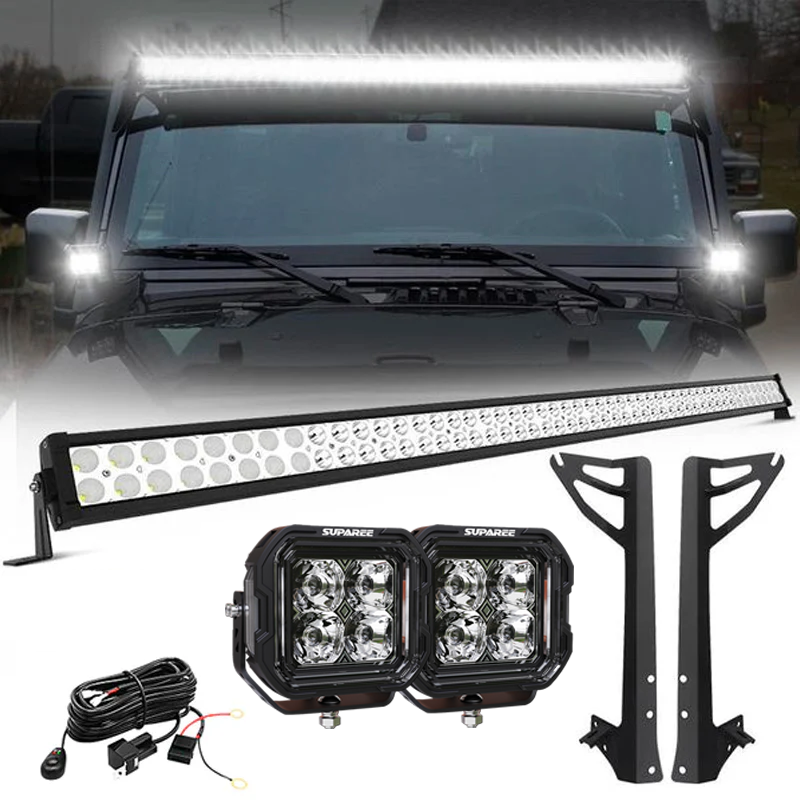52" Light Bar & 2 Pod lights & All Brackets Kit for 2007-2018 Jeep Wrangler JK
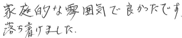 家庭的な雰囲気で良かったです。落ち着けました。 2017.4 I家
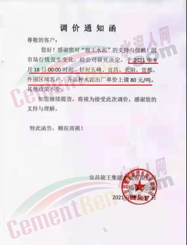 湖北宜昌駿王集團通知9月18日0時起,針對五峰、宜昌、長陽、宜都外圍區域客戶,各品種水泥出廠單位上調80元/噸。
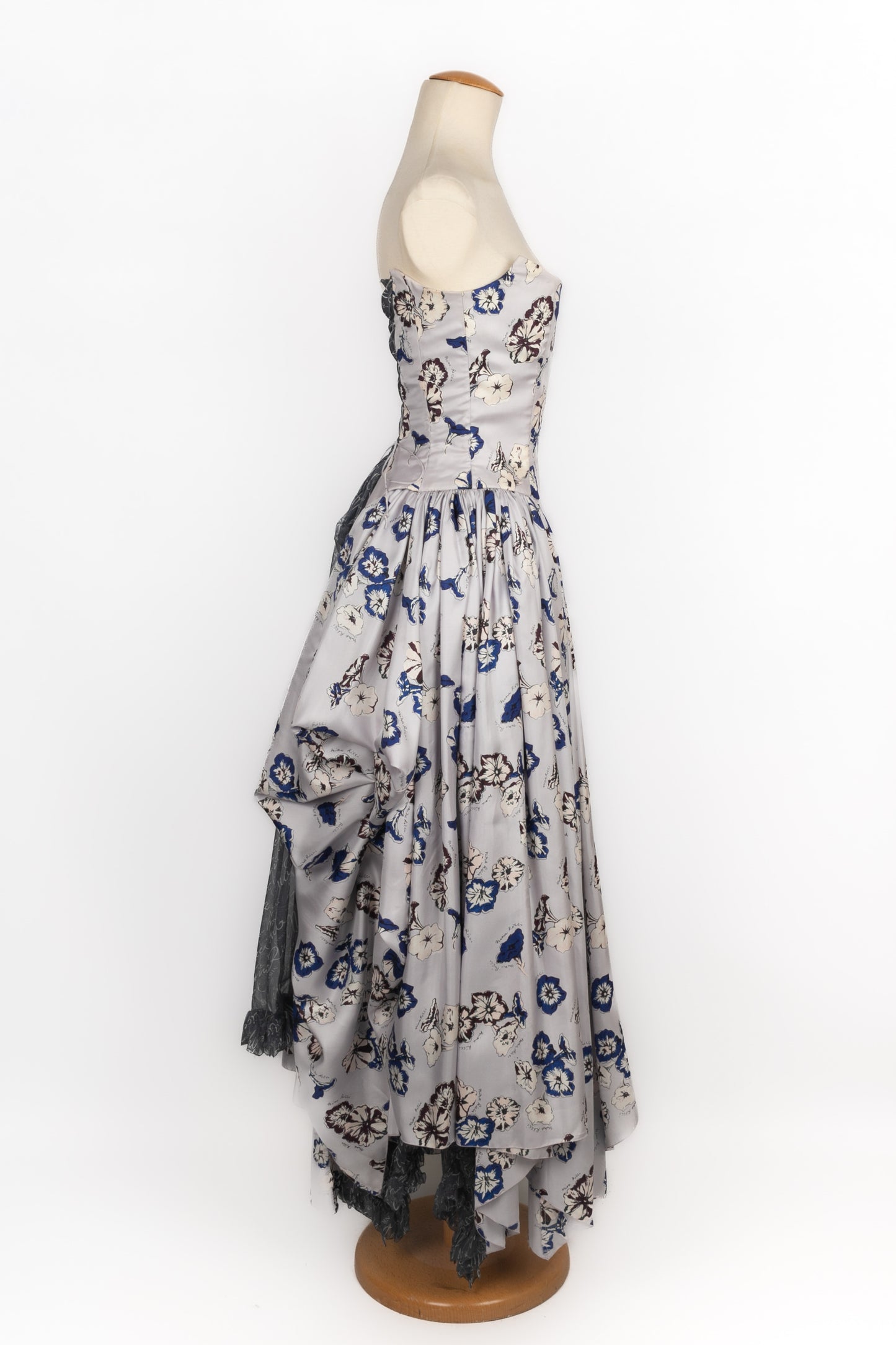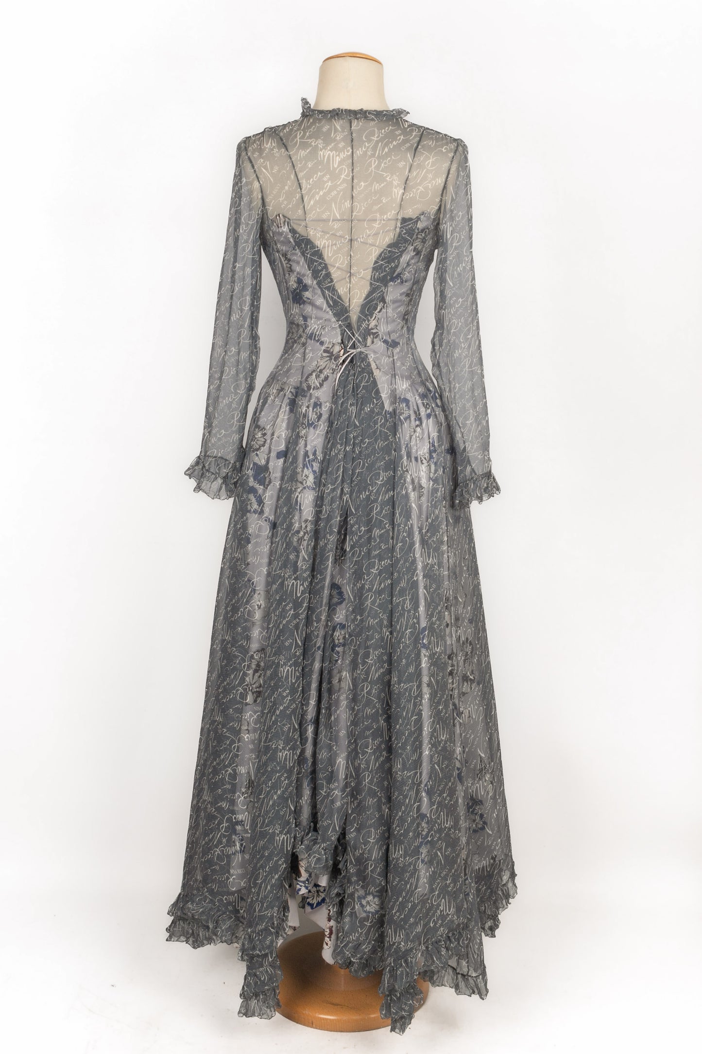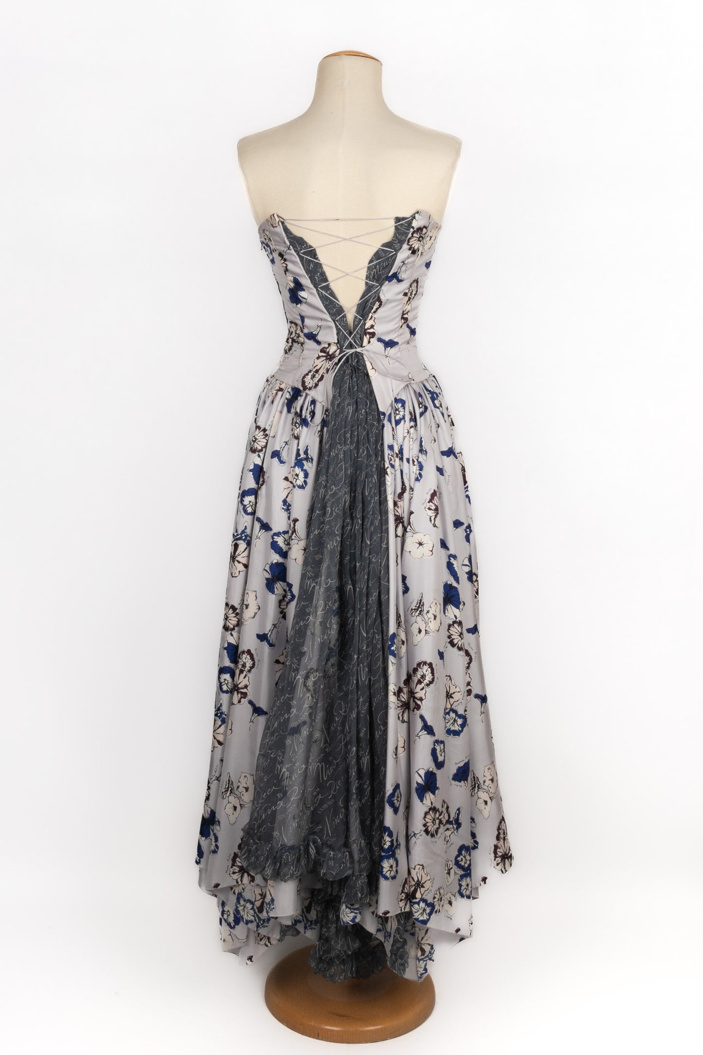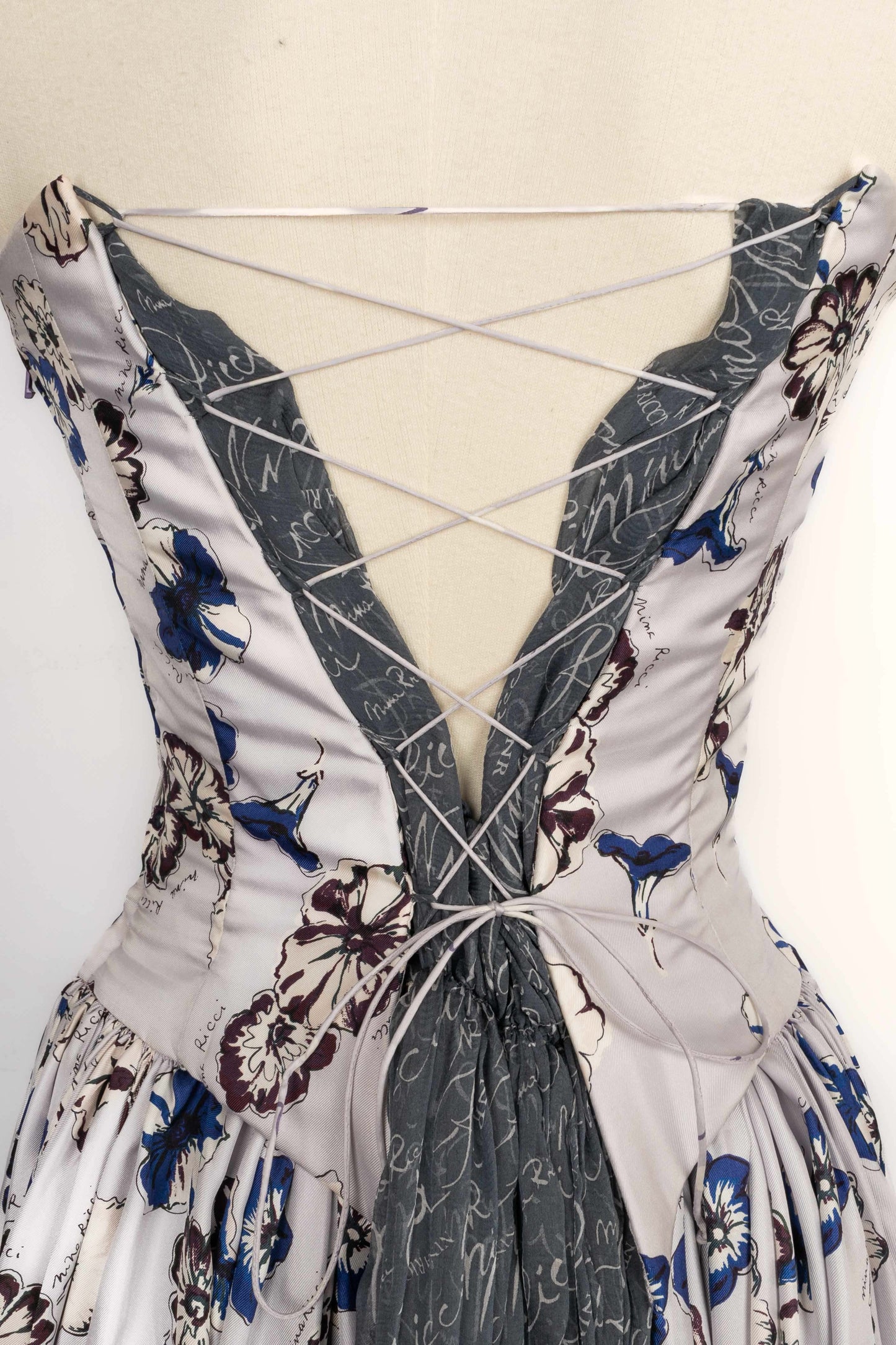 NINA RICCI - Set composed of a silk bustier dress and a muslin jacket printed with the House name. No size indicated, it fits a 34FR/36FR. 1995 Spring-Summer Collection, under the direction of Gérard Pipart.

:::

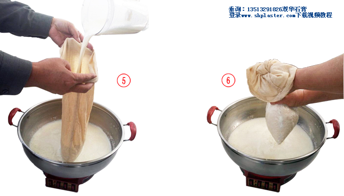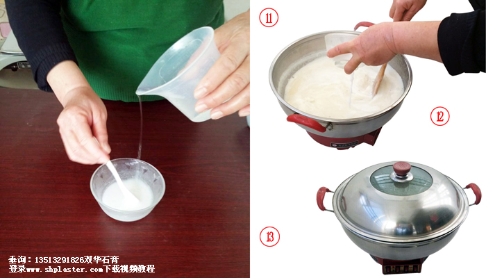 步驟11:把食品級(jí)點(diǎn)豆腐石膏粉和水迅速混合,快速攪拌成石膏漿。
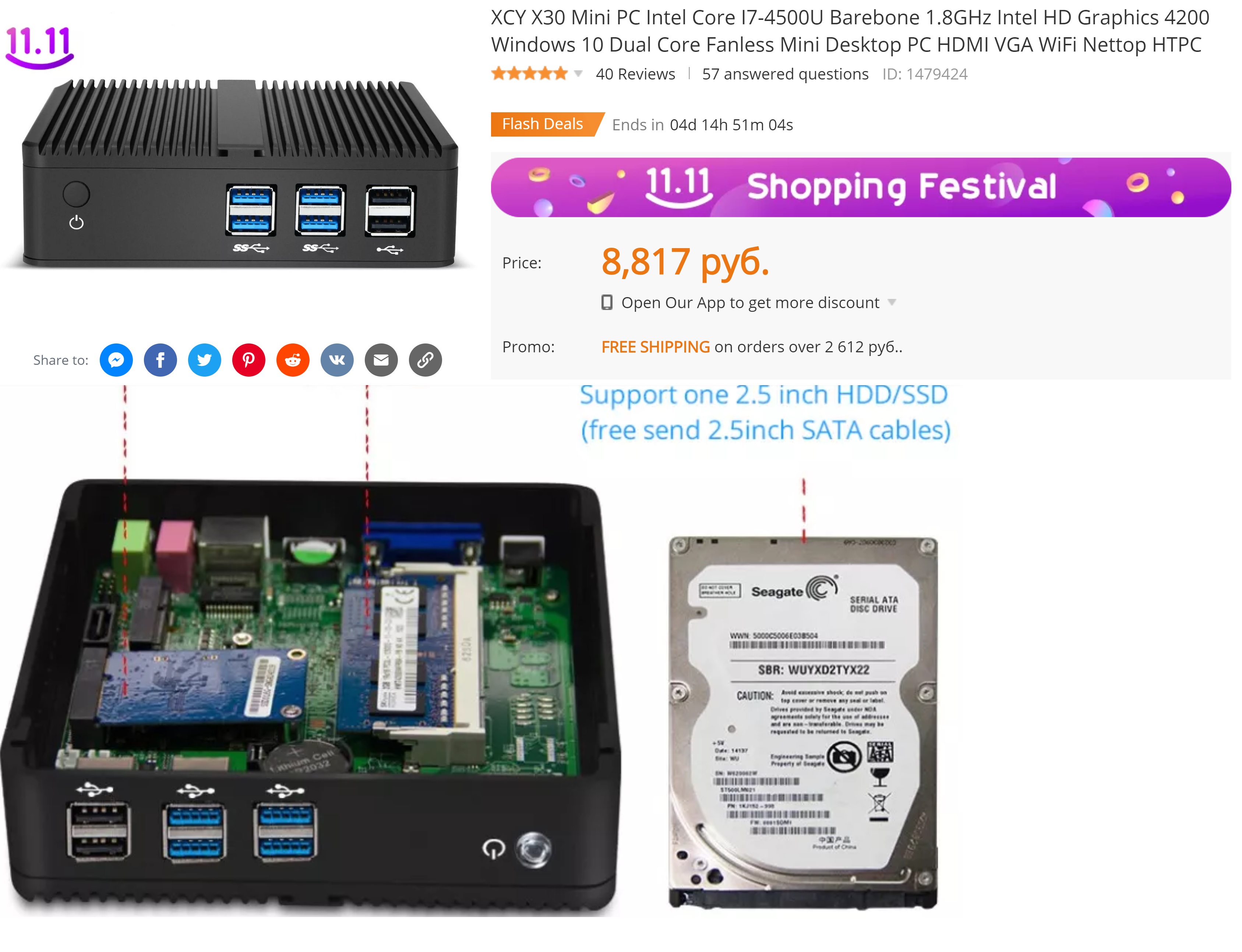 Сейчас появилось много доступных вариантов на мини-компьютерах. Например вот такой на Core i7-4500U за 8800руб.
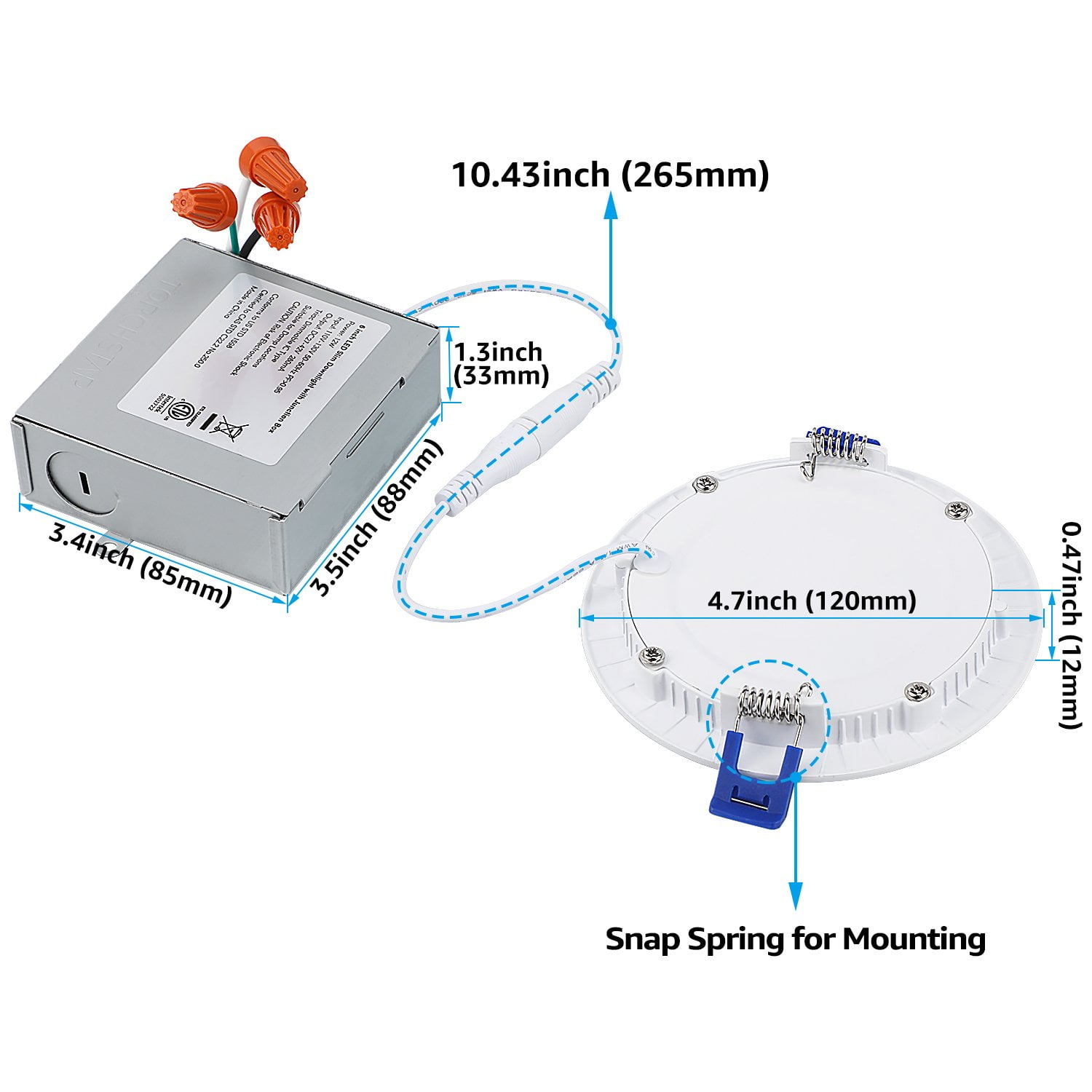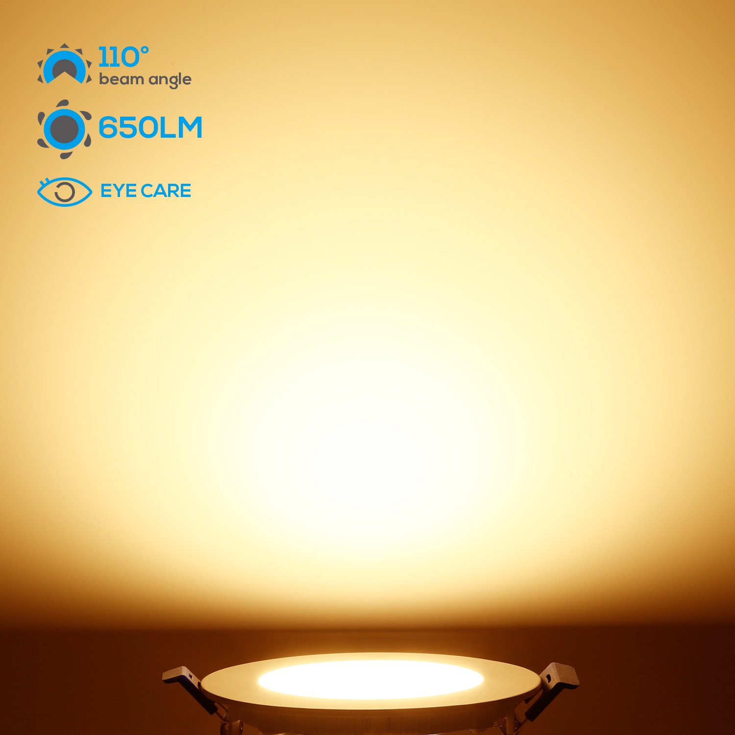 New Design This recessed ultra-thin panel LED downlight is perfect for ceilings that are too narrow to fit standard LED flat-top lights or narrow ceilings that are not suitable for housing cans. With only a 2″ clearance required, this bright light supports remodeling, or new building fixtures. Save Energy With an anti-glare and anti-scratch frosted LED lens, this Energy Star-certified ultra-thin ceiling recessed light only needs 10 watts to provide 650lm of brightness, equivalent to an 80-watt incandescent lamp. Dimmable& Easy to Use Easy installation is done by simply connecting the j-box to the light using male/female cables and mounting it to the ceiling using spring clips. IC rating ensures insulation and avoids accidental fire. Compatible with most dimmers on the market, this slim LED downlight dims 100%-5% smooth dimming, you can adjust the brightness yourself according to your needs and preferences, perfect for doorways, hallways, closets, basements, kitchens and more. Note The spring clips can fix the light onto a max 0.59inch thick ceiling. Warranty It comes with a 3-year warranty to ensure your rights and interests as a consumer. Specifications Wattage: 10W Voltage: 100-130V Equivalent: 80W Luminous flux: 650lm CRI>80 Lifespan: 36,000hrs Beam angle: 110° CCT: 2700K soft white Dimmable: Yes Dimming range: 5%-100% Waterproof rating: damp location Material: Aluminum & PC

:::

Using the data above, retype exactly and only the lines from the one containing "Сейчас появилось много" up to and including the one containing "New Design This", with no pictures carried over.

 Сейчас появилось много доступных вариантов на мини-компьютерах. Например вот такой на Core i7-4500U за 8800руб.
 New Design This recessed ultra-thin panel LED downlight is perfect for ceilings that are too narrow to fit standard LED flat-top lights or narrow ceilings that are not suitable for housing cans. With only a 2″ clearance required, this bright light supports remodeling, or new building fixtures. Save Energy With an anti-glare and anti-scratch frosted LED lens, this Energy Star-certified ultra-thin ceiling recessed light only needs 10 watts to provide 650lm of brightness, equivalent to an 80-watt incandescent lamp. Dimmable& Easy to Use Easy installation is done by simply connecting the j-box to the light using male/female cables and mounting it to the ceiling using spring clips. IC rating ensures insulation and avoids accidental fire. Compatible with most dimmers on the market, this slim LED downlight dims 100%-5% smooth dimming, you can adjust the brightness yourself according to your needs and preferences, perfect for doorways, hallways, closets, basements, kitchens and more. Note The spring clips can fix the light onto a max 0.59inch thick ceiling. Warranty It comes with a 3-year warranty to ensure your rights and interests as a consumer. Specifications Wattage: 10W Voltage: 100-130V Equivalent: 80W Luminous flux: 650lm CRI>80 Lifespan: 36,000hrs Beam angle: 110° CCT: 2700K soft white Dimmable: Yes Dimming range: 5%-100% Waterproof rating: damp location Material: Aluminum & PC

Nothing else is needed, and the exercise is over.